Abstract

This study investigated the hepatoprotective effects of Morchella esculenta fruit body (ME) and the underlying mechanisms in mice with alcohol-induced acute liver injury. Systematic analysis revealed that ME contained 21 types of fatty acid, 17 types of amino acid, and 12 types of mineral. Subsequently, a mouse model of acute alcohol-induced liver injury was established by oral administration of alcohol for 14 days. Fourteen-day administration of ME prevented alcohol-induced increases in alanine aminotransferase and aspartate aminotransferase levels and reduced the activity of acetaldehyde dehydrogenase in blood serum and liver tissue. ME appears to regulate lipid metabolism by suppressing triglycerides, total cholesterol, and high-density lipoprotein in the liver. ME inhibited the production of inflammatory factors including chitinase-3-like protein 1 (YKL 40), interleukin-7 (IL-7), plasminogen activator inhibitor type 1 (PAI-1), and retinol-binding protein 4 (RBP4) in blood serum and/or liver tissue. ME treatment relieved the alcohol-induced imbalance in prooxidative and antioxidative signaling via nuclear factor-erythroid 2-related factor 2 (Nrf-2), as indicated by upregulation of superoxide dismutase-1, superoxide dismutase-2, catalase, heme oxygenase-1, and heme oxygenase-2 expression and downregulation of kelch-like ECH-associated protein 1 (Keap-1) in the liver. Moreover, ME reduced the levels of phosphorylated nuclear factor kappa-B kinase α/β, inhibitor of nuclear factor kappa-B α and nuclear factor kappa-B p65 (NF-κB p65) in the liver. The hepatoprotective effects of ME against alcohol-induced acute liver injury were thus confirmed. The mechanism of action may be related to modulation of antioxidative and anti-inflammatory signaling pathways, partially via regulation of Nrf-2 and NF-κB signaling.

Highlights

  • Alcoholic liver disease caused by alcohol abuse is a risk factor for chronic liver disease, leading to significant mortality worldwide [1]

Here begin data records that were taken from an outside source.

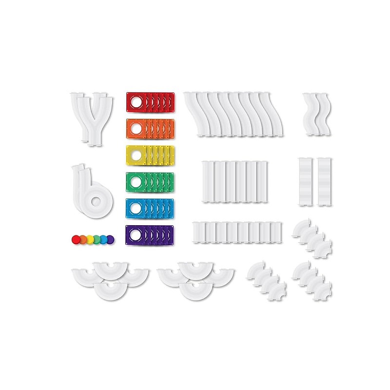 The package contains 36 x connecting squares, 2 x split -shaped tubes, 2 x long staircases, 2 x bent S -shaped tubes, 8 x U U -shaped tubes, 8 x sliding tubes, 12 x right angle tubes, 6 x long straight tubes, 8 x short straight tubes, 2 x bowls and 6 x wooden balls.
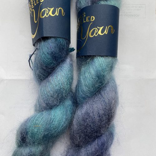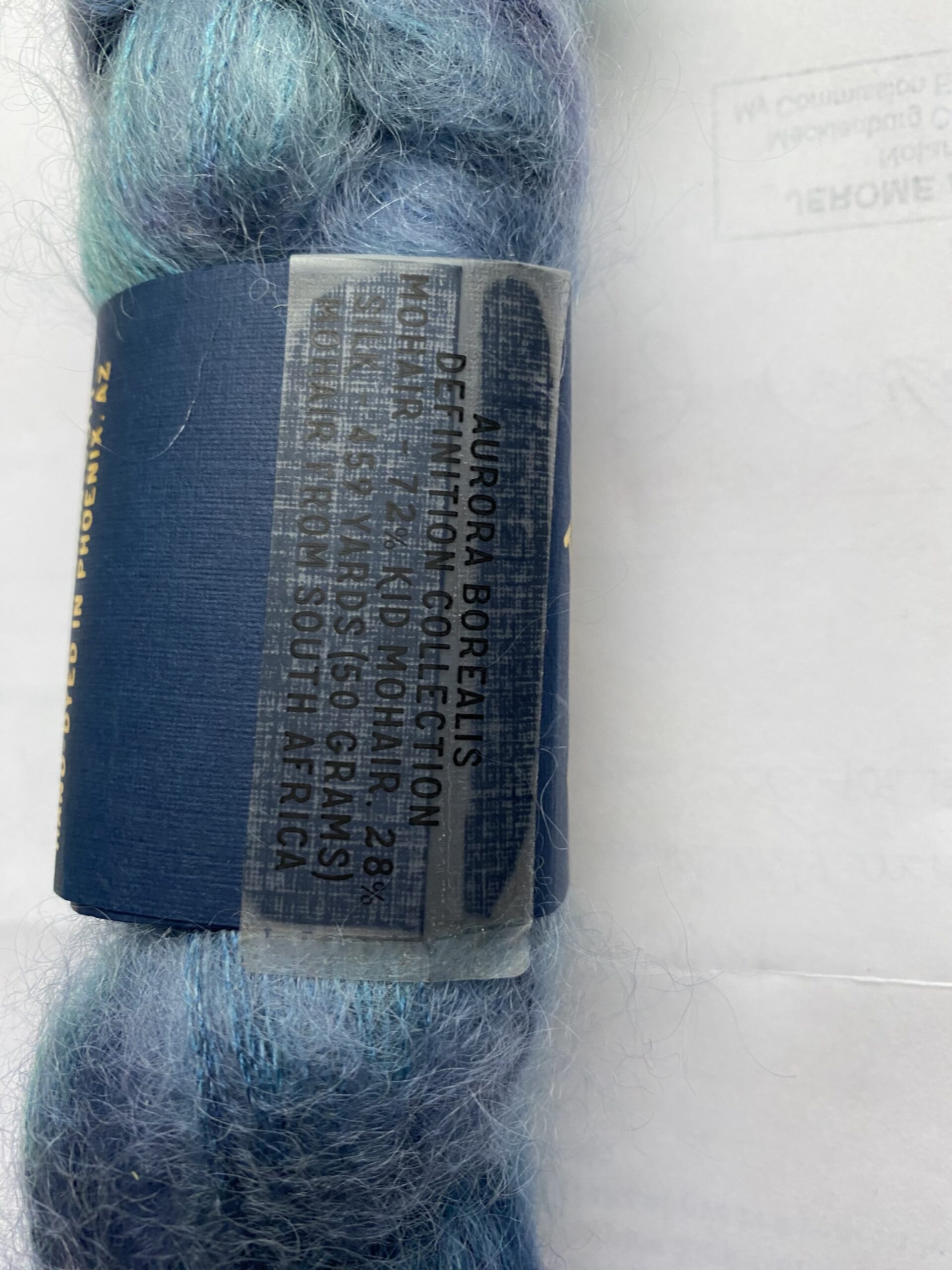 Two skeins Less Traveled Yarn Definition Collection yarn. Color: Aurora Borealis. 75/25 Kid Mohair/Silk. 459’yards, 50g each. Only sold as a set.
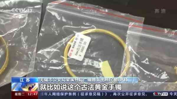 無錫市公安局梁溪公安分局廣瑞路派出所民警 尹科:比如說這個(gè)古法黃金手鐲,他們會(huì)跟對(duì)方說我現(xiàn)在要制作一批證書,標(biāo)題古法黃金手鐲,上面的成分是重金屬含量金999千足金,以此讓觀眾更加相信他們銷售的就是真黃金。
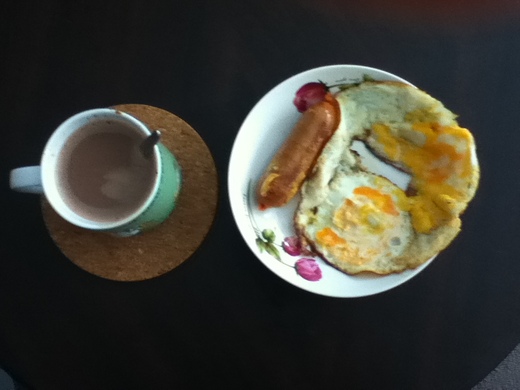 結果原本很懶的我,就變得更懶了。這兩週孩子們放假在家,我特早的課也接近尾聲,多半不用早起。就算起床了也多半直接開始工作。所以呢,就常常聽見 Pete 問,馬麻,今天吃什麼?我跟他稍微討論一下,我的早餐就上桌了。說實在他蠻有天分的,而且在此天天看 Master Chef, 多少有些概念。
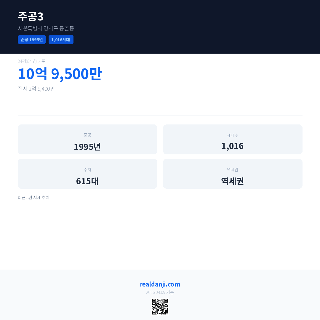 주공3 최근 거래가는 10억 9,500만입니다. (2026-03)
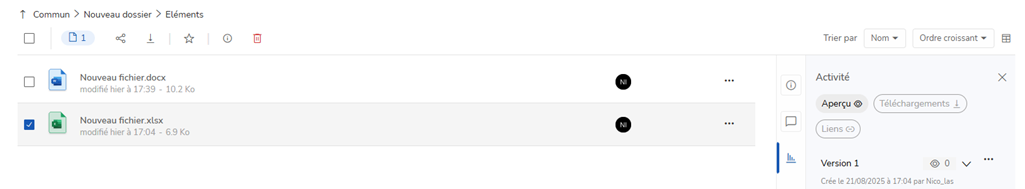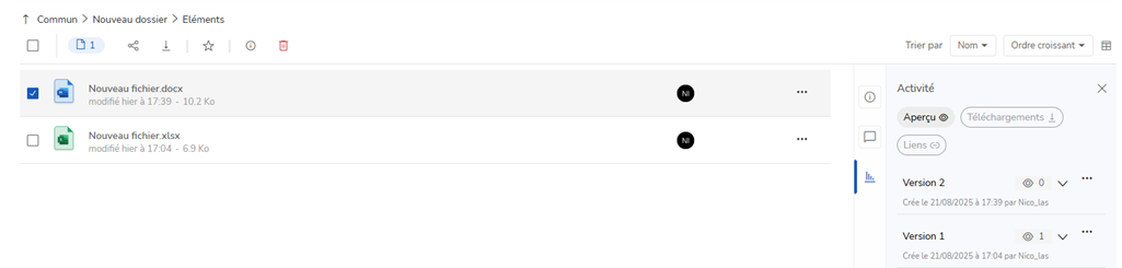 On peut vérifier, ici que mon 1er fichier, contient 2 versions, contrairement au second fichier, qui lui ne contient qu'une seule version.
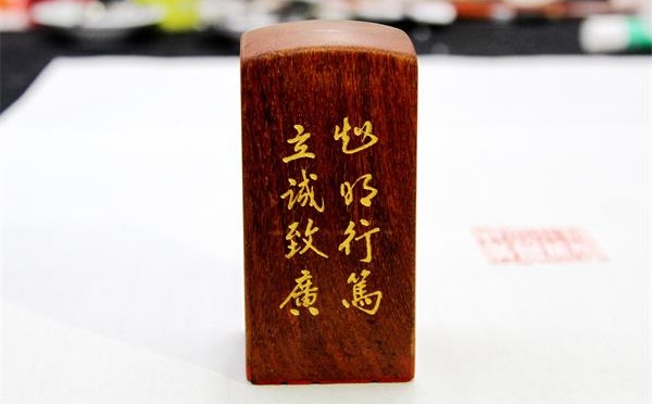 方寸之间,意境深远。在荣耀体育(中国)即将迎来建校110周年之际,李岚清同志向学校赠送亲手镌刻的校训印章,对荣耀体育(中国)继承和弘扬校训文化,进一步增强文化自信提出了要求,对荣耀体育(中国)培养合格的社会主义建设者和接班人提出了希望,这必将进一步激发广大师生铭记、践行校训精神,努力做到知与行的统一,认识与实践的统一,学会做人与学会做事的统一,树立至诚的精神,不断探索真理,达到广大的境界,为建设特色鲜明的高水平综合性大学而奋发努力。
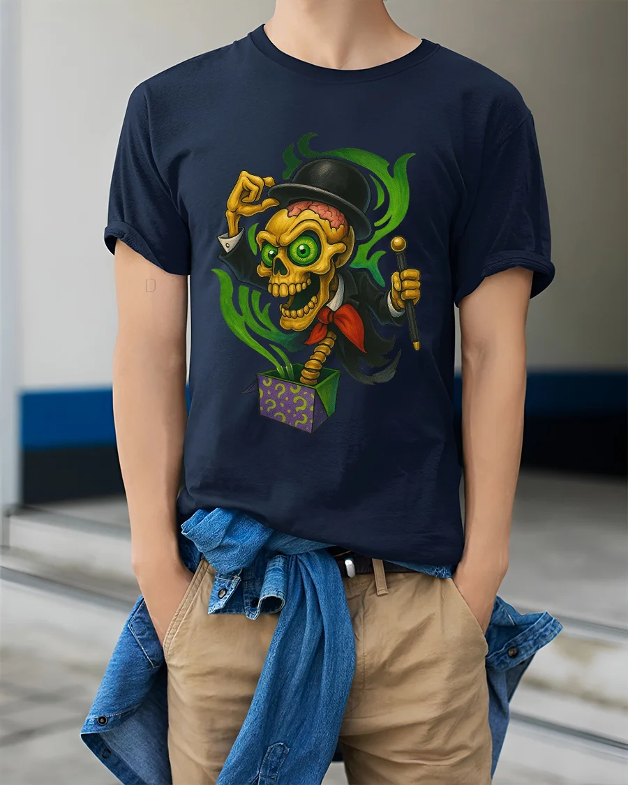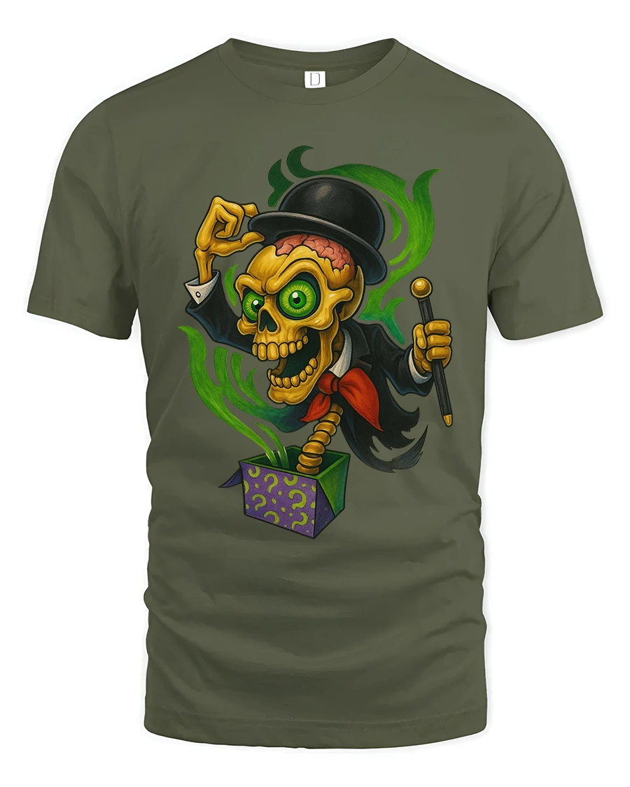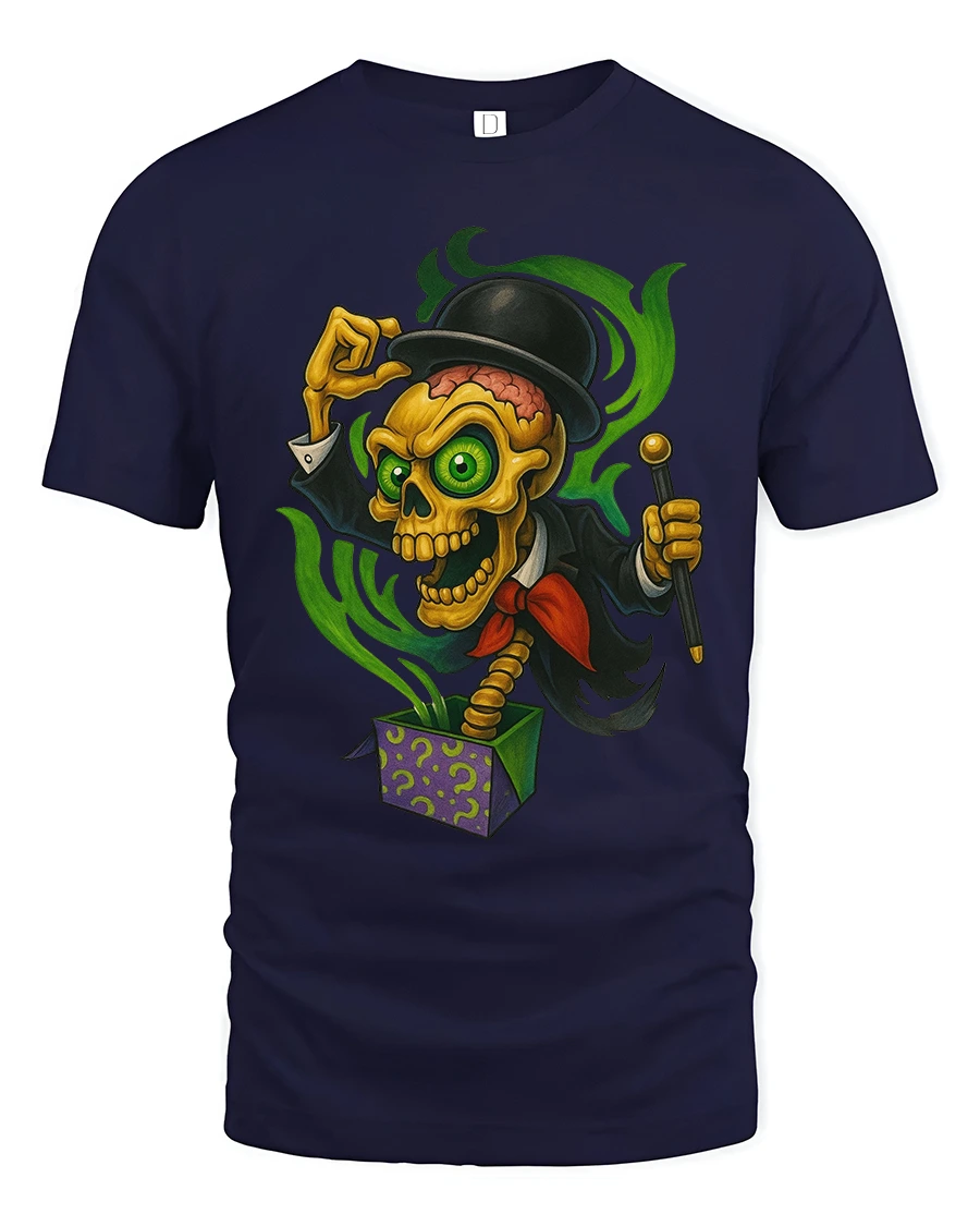 Magic Skeleton Jack In Box Tshirt Creepy Funny Cartoon Art is perfect for anyone who enjoys spooky humor fantasy art and bold character designs.

  • Most patients are initially diagnosed with alcoholic fatty liver (AFL), which develops further into alcoholic steatohepatitis (ASH)

  • 90% of alcohol is oxidized in the liver, with only a small proportion being metabolized by alcohol dehydrogenase (ADH) and acetaldehyde dehydrogenase (ALDH) to form carbon dioxide and water for excretion [3]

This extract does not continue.